> [Given material]:

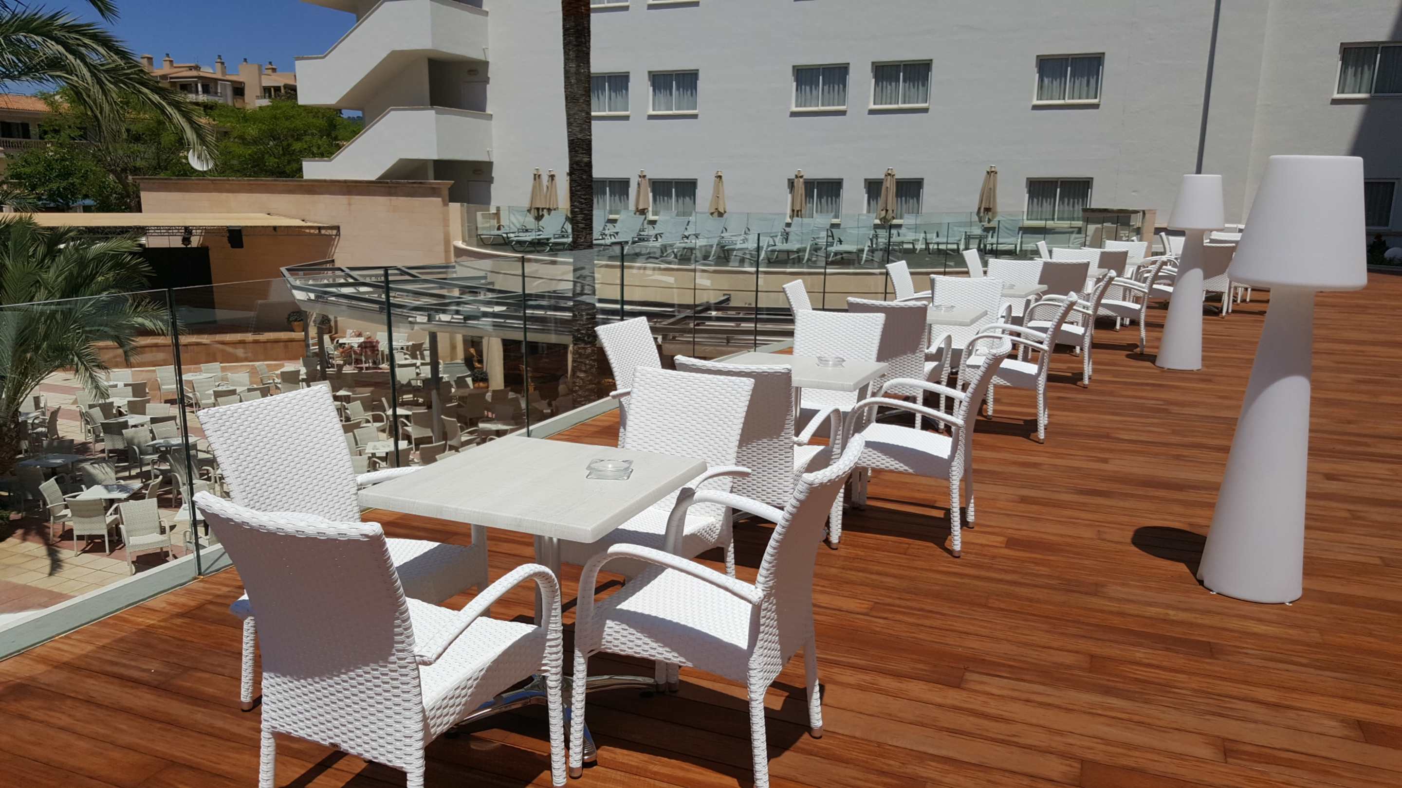 hier die neue Sonnenterrasse - dahinter sind weitere Liegen und Sonnenschirme
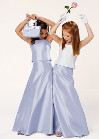 Slight change in plans - the original BM dress didn't quite work out for Caitlin and Allison, so they'll be wearing this cute two piece dress, all in periwinkle, with a black ribbon around their waists |
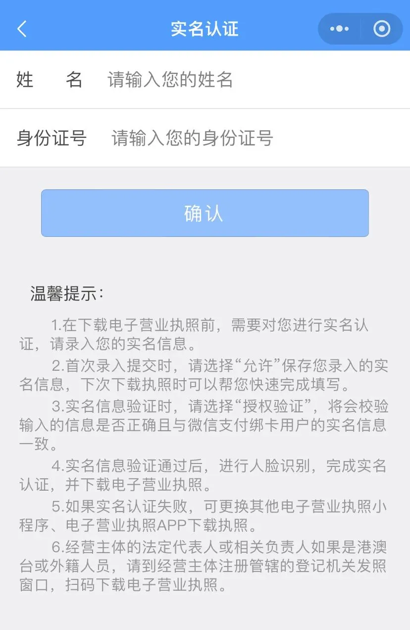 1、实名认证:填写法定代表人、投资人或负责人姓名、身份证号码等信息,点击【确认】。

> [Your instructions]: Starting with the top line, write out all the data above exactly; keep the pictures out.

> [Output below]:
 hier die neue Sonnenterrasse - dahinter sind weitere Liegen und Sonnenschirme
 Slight change in plans - the original BM dress didn't quite work out for Caitlin and Allison, so they'll be wearing this cute two piece dress, all in periwinkle, with a black ribbon around their waists |
 1、实名认证:填写法定代表人、投资人或负责人姓名、身份证号码等信息,点击【确认】。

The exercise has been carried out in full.